## Exercise data
((
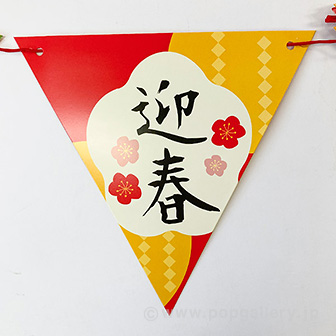 全長180cmと十分な長さがあり、1本での使用はもちろん、複数本を組み合わせて広範囲を装飾することで、より一層華やかな新春の雰囲気を創出できます。紙とひもで構成されており、軽量で設置が容易なため、短期的な季節イベントの販促ツールとして、店舗の壁面や陳列棚上部など、多様な場所でご活用いただけます。
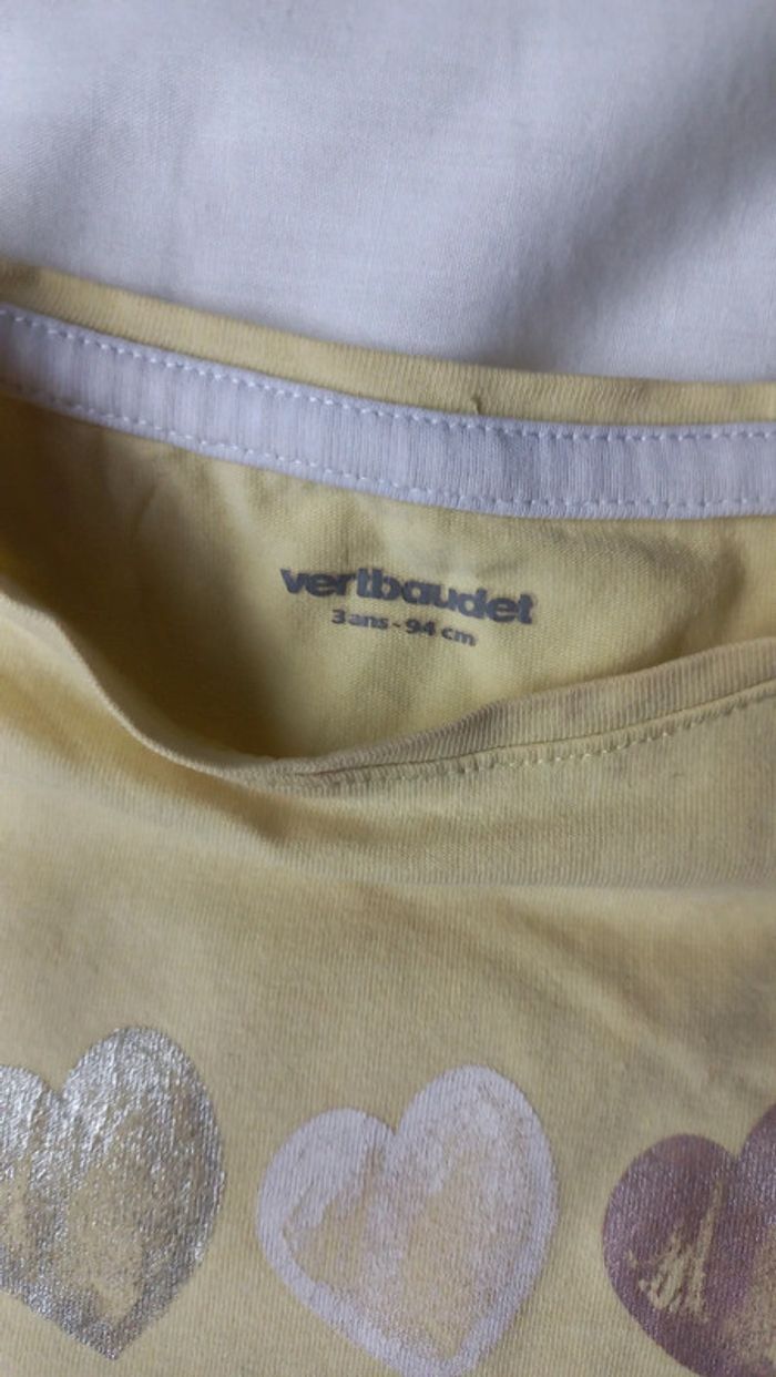 T-shirt jaune sans manche Motif coeurs Vert baudet Taille 3 ans Quelques traces / voir dernière photo #scara3ans #scara2ans
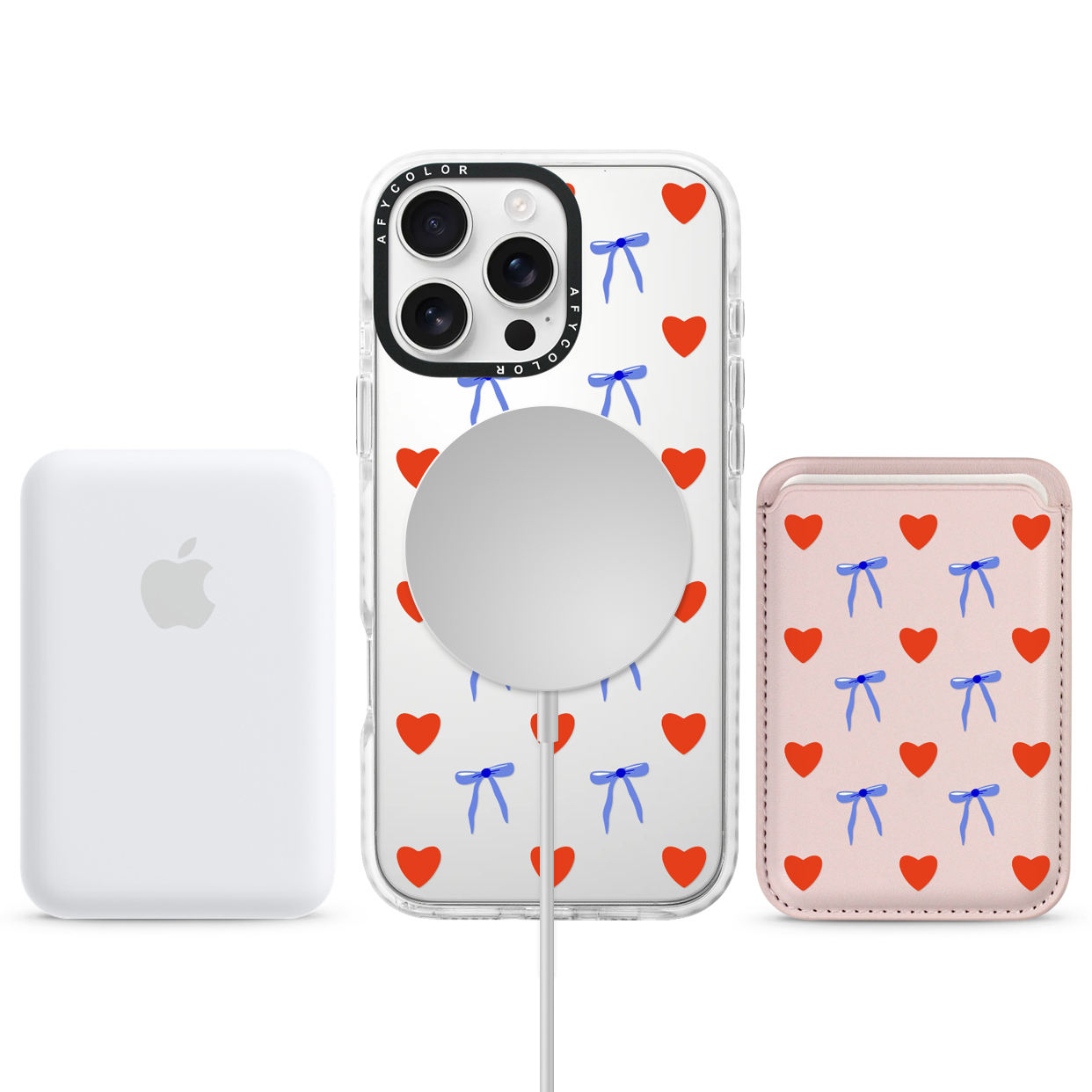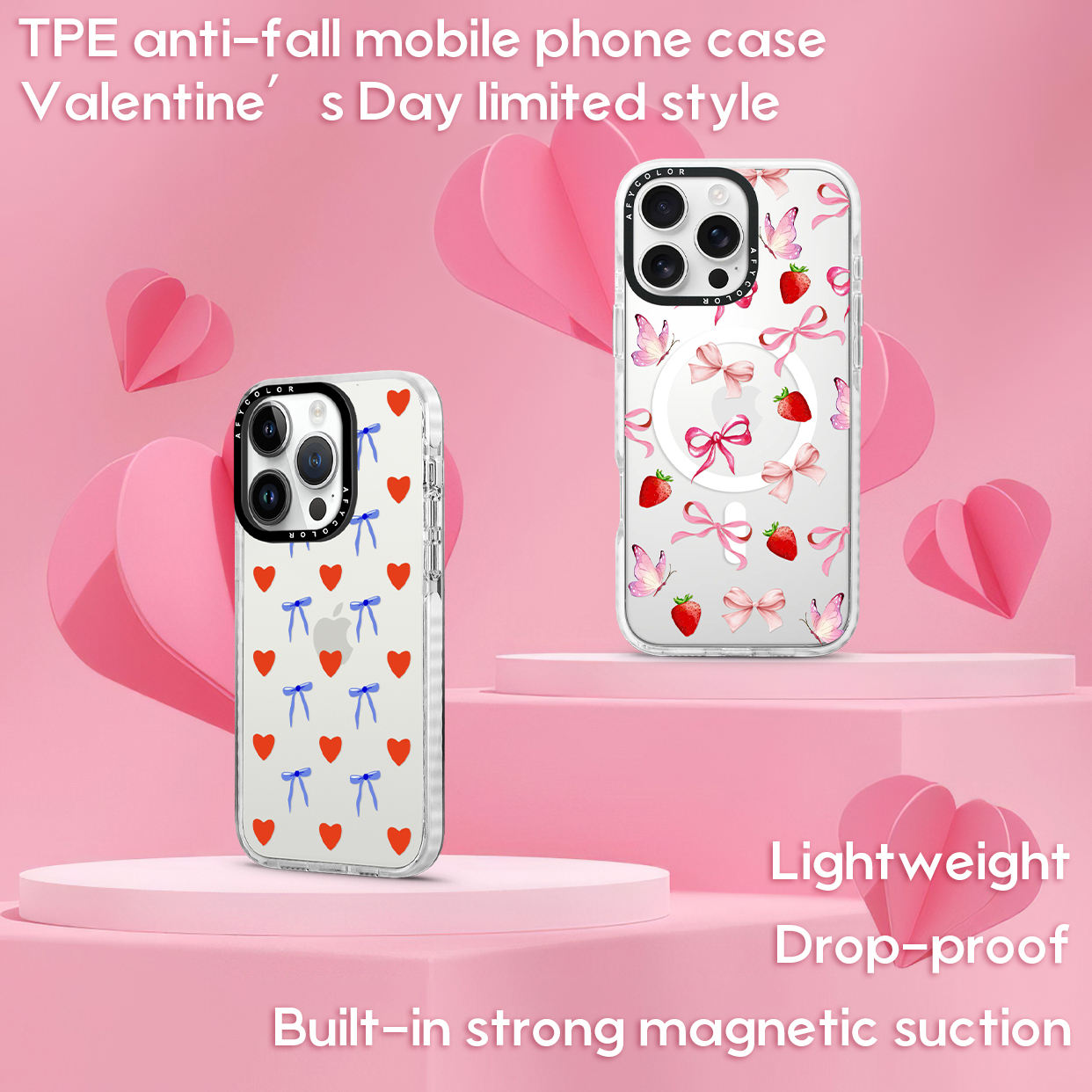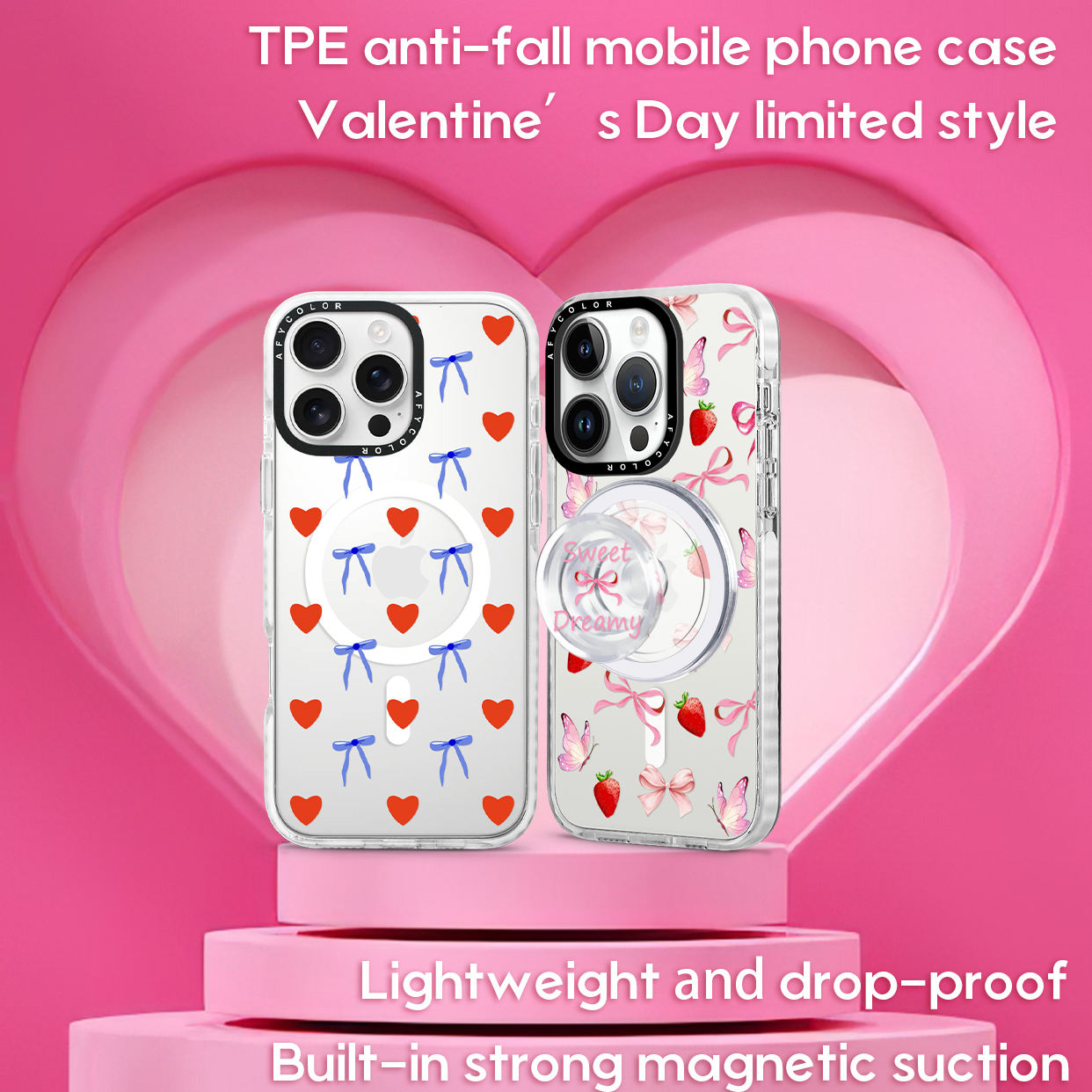 Valentine's Day Cute Heart Bumper Phone Case for iPhone Clear Shockproof Magnetic Cover with Removable Camera Protector
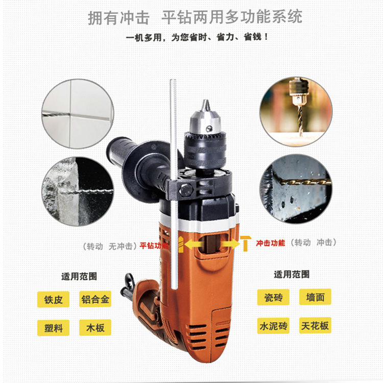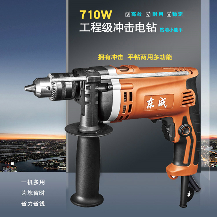 東成沖擊電鉆DZJ710-16適用于對混凝土地板、墻壁、磚塊,石料
))
## Instructions to follow
For this step, transcribe all the material above exactly and drop the images.

## Answer box
 全長180cmと十分な長さがあり、1本での使用はもちろん、複数本を組み合わせて広範囲を装飾することで、より一層華やかな新春の雰囲気を創出できます。紙とひもで構成されており、軽量で設置が容易なため、短期的な季節イベントの販促ツールとして、店舗の壁面や陳列棚上部など、多様な場所でご活用いただけます。
 T-shirt jaune sans manche Motif coeurs Vert baudet Taille 3 ans Quelques traces / voir dernière photo #scara3ans #scara2ans
 Valentine's Day Cute Heart Bumper Phone Case for iPhone Clear Shockproof Magnetic Cover with Removable Camera Protector
 東成沖擊電鉆DZJ710-16適用于對混凝土地板、墻壁、磚塊,石料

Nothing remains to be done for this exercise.